**What the task requires**. Output, exactly as written, the lines below from the one that has "Black Padded Longline Coat Women at ASDA" through the one that has "- In those with"; nothing else, and no pictures.

**Information given**.
[Start of section]

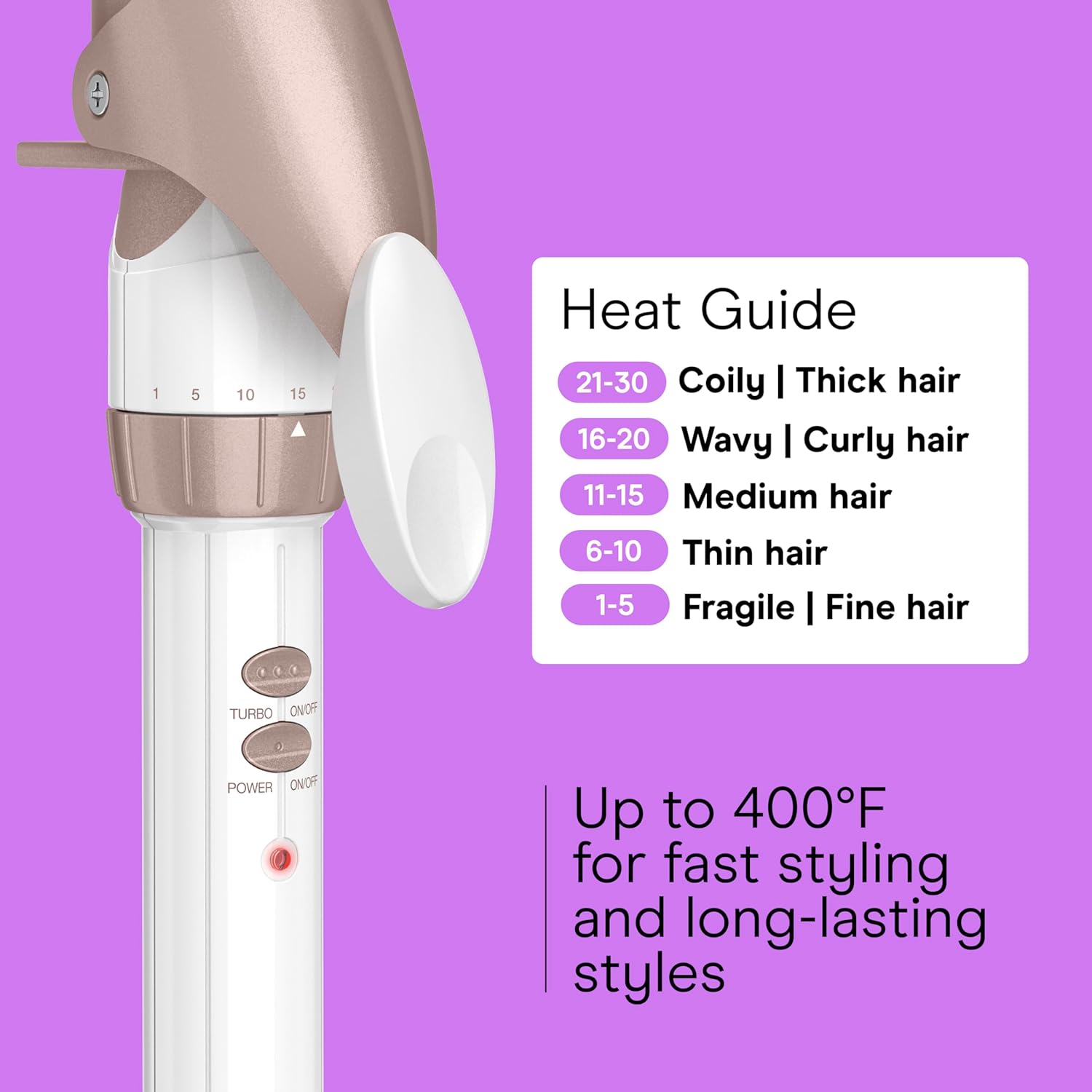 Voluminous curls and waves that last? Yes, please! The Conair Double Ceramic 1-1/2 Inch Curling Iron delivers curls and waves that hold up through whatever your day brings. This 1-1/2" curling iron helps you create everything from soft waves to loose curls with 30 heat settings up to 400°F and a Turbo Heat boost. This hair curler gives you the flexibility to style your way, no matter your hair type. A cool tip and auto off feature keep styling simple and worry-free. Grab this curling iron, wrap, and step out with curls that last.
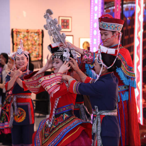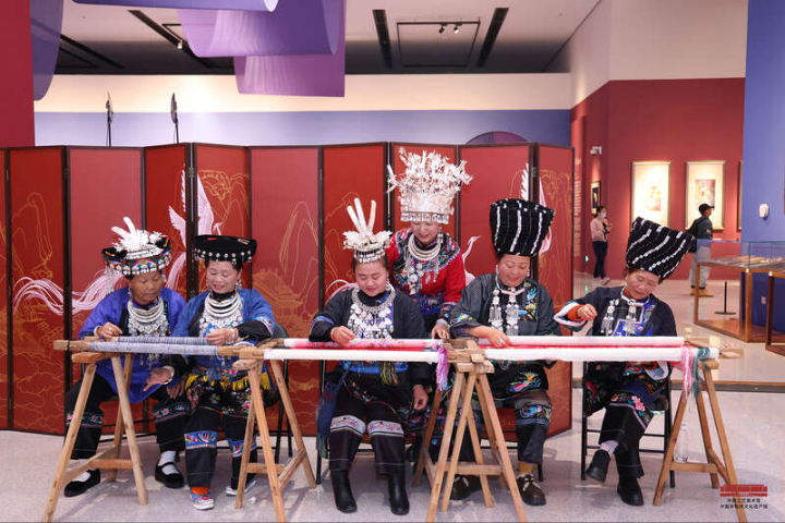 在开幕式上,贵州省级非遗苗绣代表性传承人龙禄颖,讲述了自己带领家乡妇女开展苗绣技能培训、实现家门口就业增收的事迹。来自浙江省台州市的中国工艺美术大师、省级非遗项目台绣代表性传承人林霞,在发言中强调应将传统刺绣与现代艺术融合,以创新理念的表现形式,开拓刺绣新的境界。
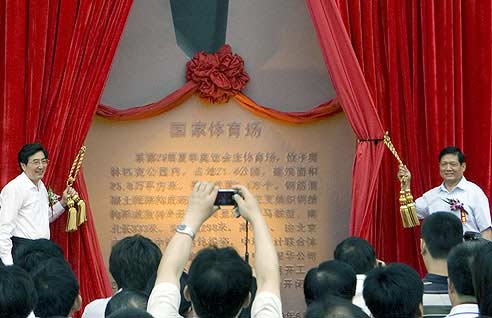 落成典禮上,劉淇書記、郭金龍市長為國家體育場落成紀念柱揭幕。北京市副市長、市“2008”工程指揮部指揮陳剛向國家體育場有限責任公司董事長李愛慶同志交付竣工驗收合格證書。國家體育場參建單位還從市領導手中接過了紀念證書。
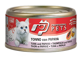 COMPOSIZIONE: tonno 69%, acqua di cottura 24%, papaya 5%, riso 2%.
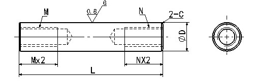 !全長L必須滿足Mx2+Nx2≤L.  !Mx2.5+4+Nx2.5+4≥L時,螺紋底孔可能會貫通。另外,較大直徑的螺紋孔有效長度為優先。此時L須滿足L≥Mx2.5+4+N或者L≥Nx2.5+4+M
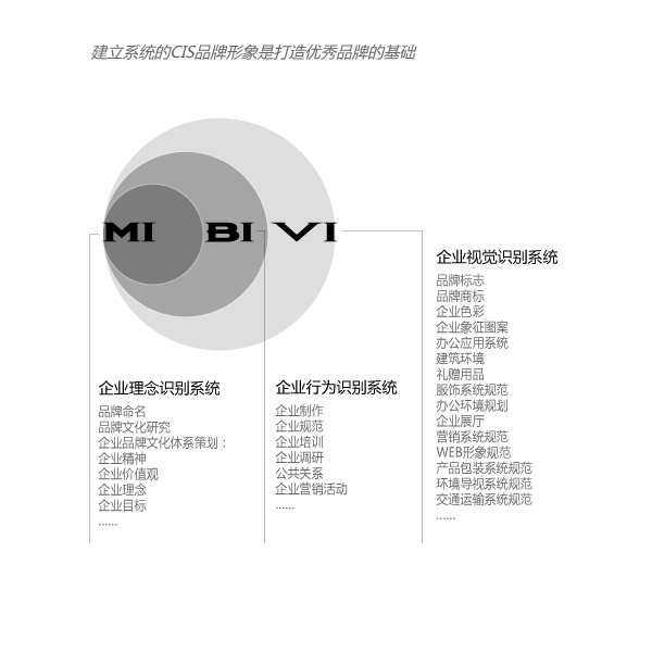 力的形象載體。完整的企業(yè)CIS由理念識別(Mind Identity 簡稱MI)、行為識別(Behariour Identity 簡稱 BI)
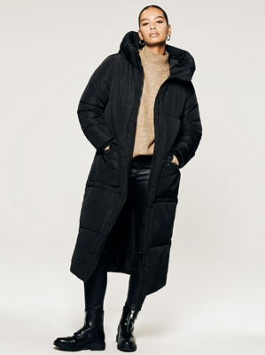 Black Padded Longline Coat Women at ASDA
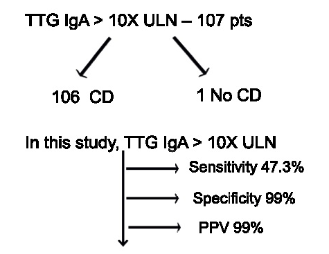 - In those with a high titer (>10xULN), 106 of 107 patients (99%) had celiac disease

[End of section]
[Start of section]

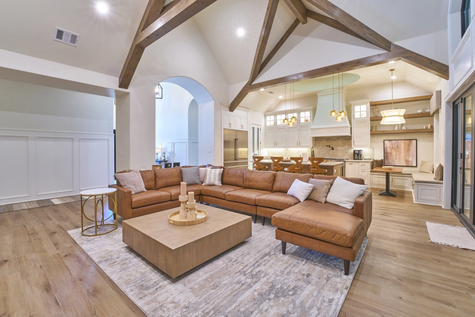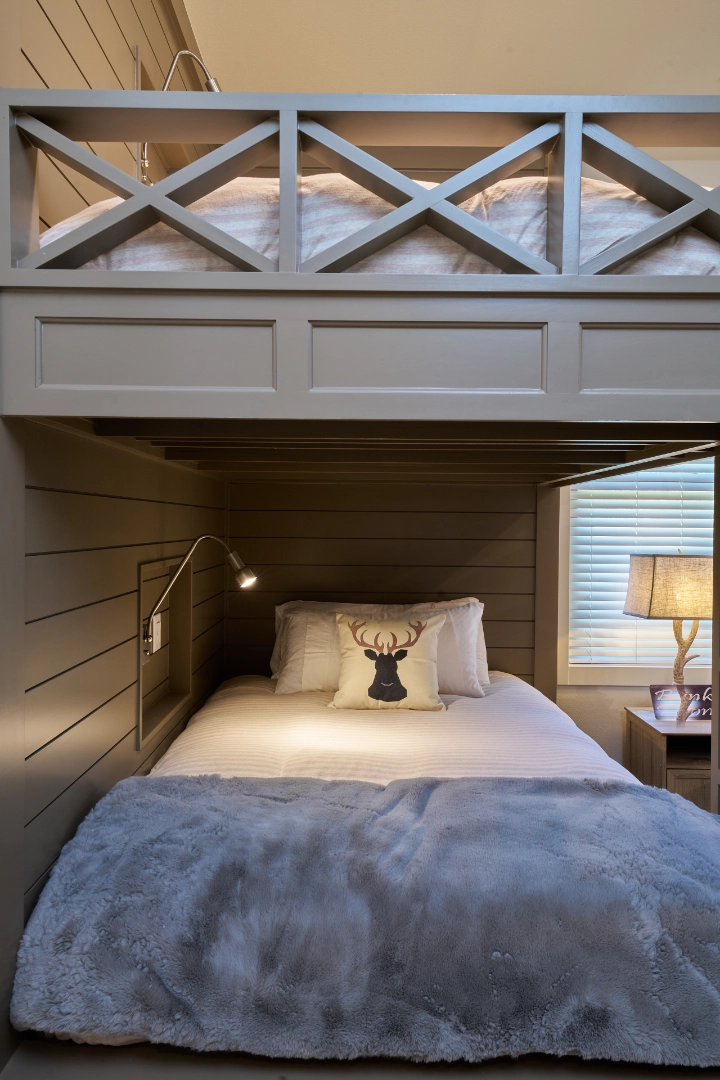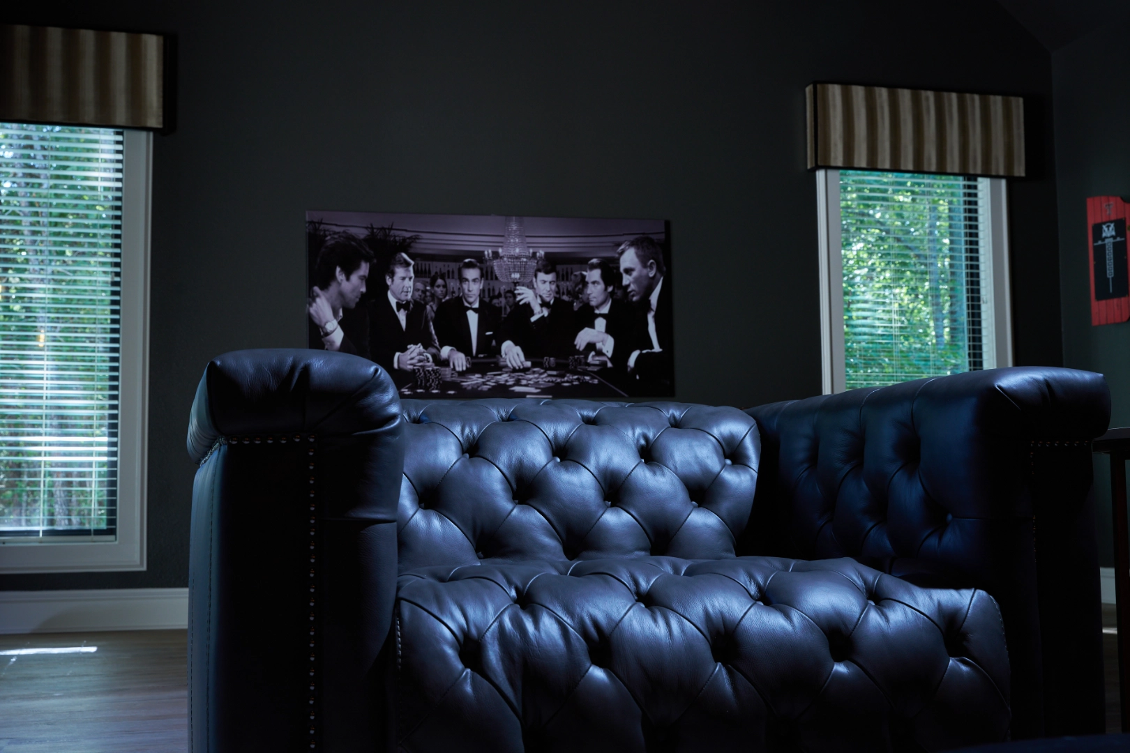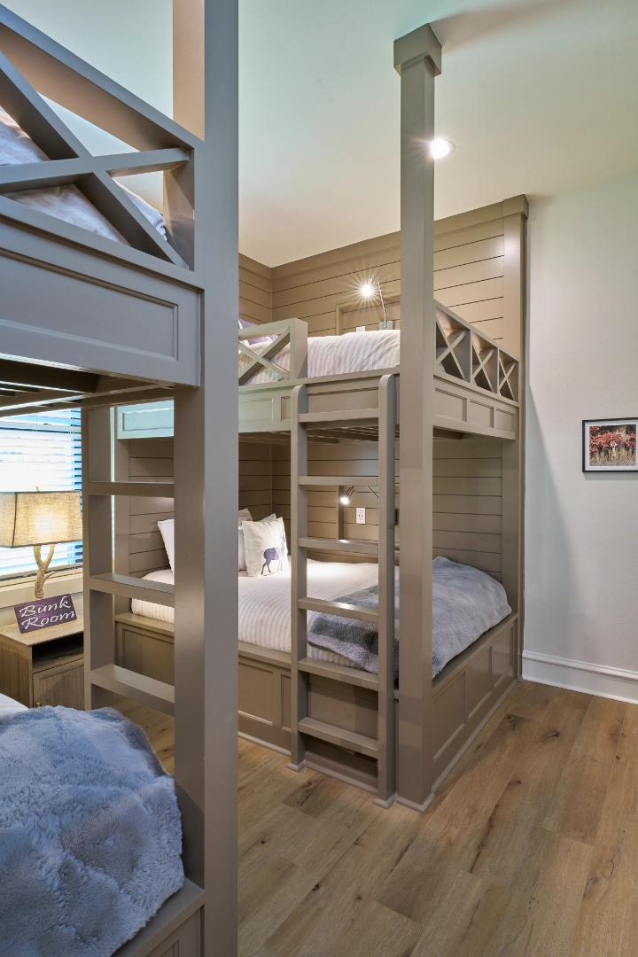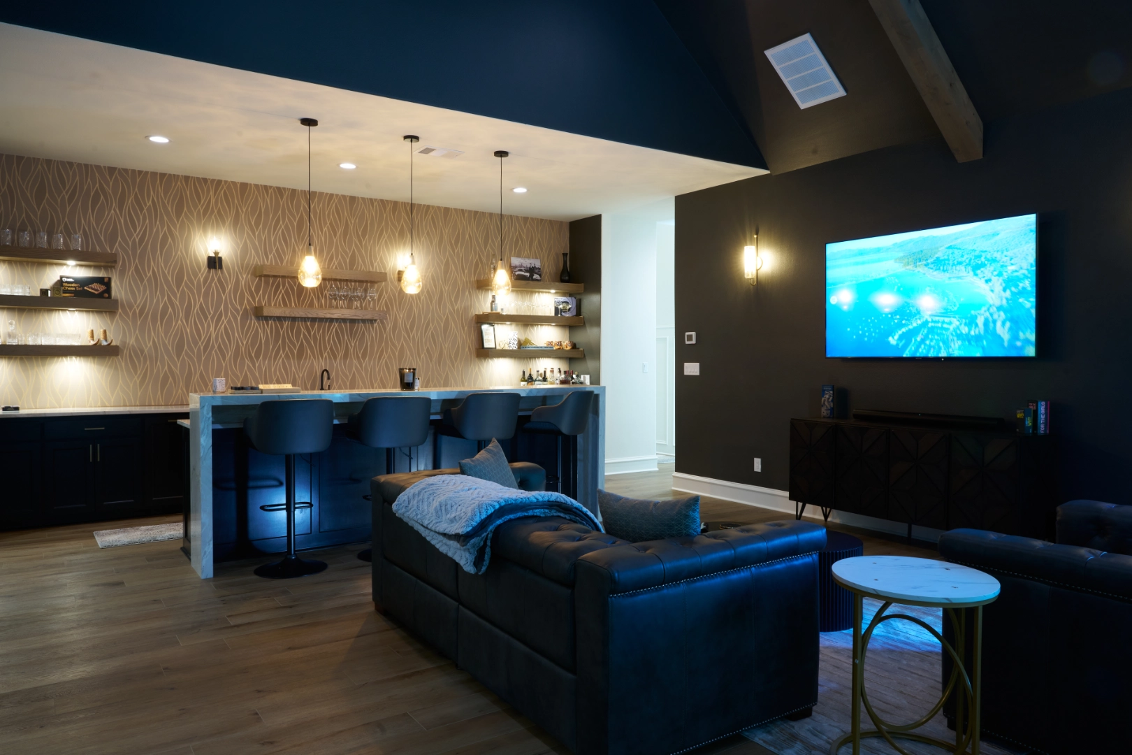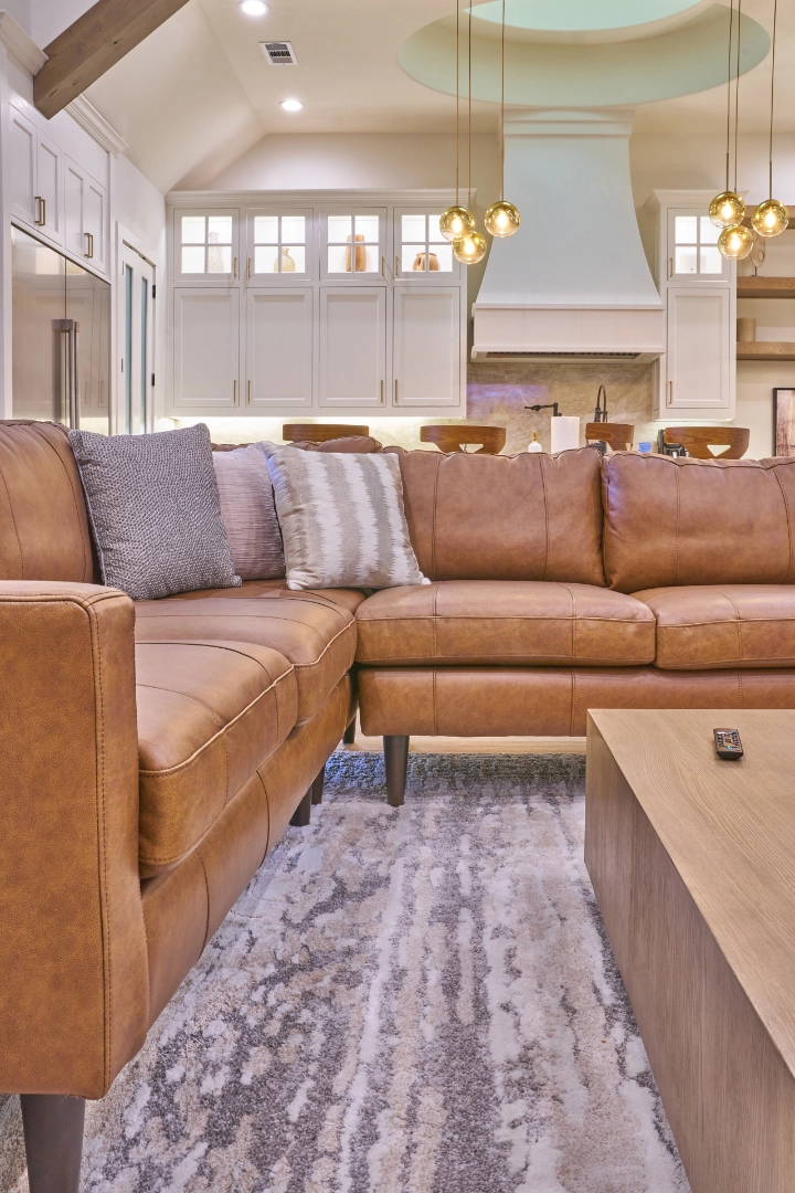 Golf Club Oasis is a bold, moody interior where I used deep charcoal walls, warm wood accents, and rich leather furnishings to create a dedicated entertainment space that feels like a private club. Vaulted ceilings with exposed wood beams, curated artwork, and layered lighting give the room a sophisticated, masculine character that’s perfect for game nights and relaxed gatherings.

[End of section]
[Start of section]

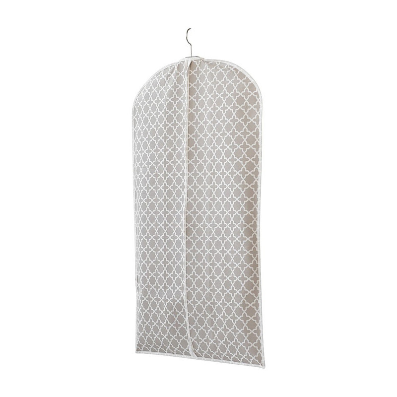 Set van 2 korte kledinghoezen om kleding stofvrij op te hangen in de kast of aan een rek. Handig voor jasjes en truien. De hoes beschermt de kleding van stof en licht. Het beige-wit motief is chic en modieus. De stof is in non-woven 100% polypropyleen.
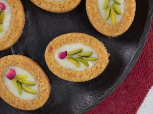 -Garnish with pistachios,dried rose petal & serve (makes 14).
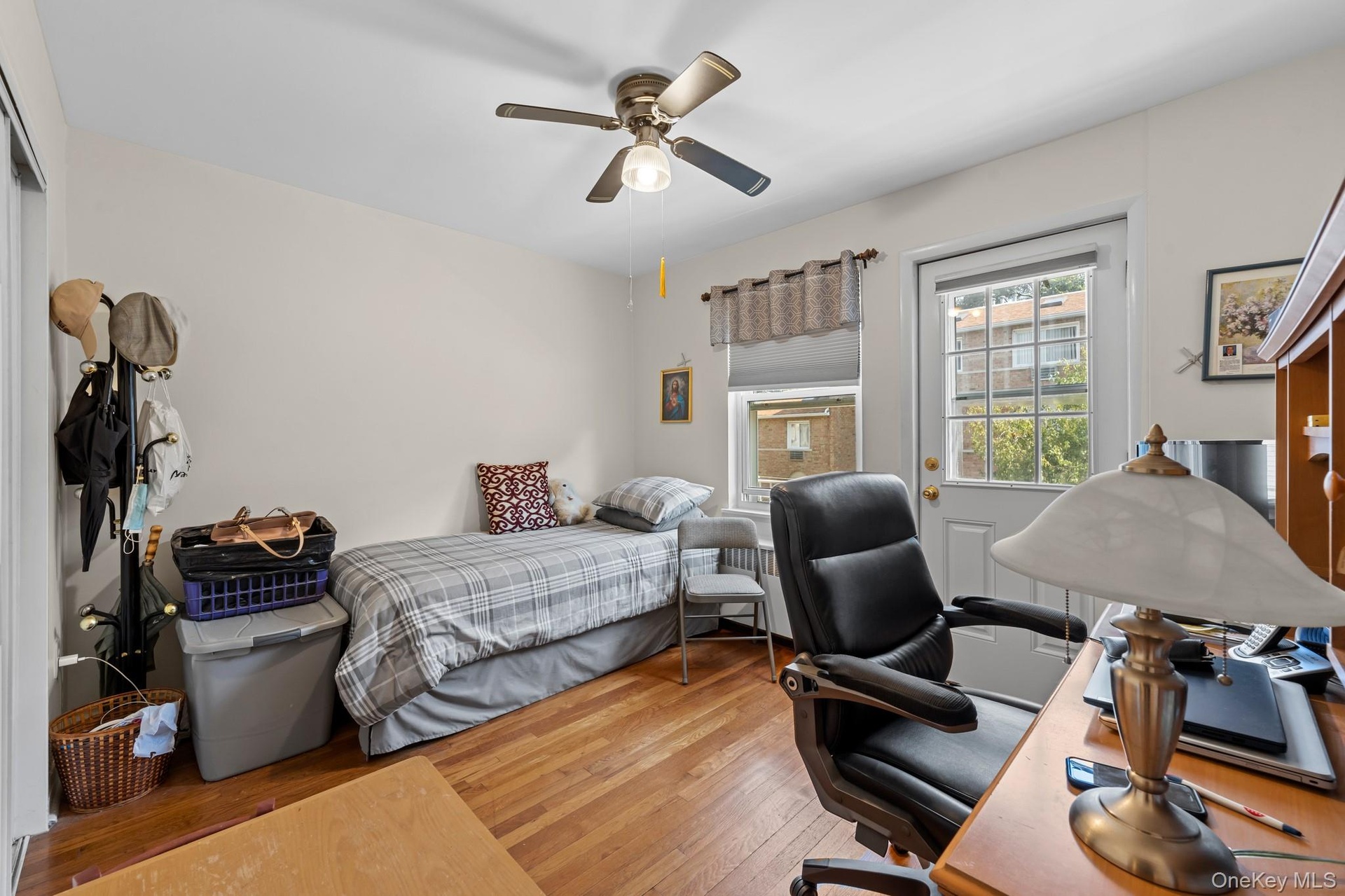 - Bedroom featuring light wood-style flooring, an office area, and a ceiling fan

[End of section]

**Exercise result**.
 Black Padded Longline Coat Women at ASDA
 - In those with a high titer (>10xULN), 106 of 107 patients (99%) had celiac disease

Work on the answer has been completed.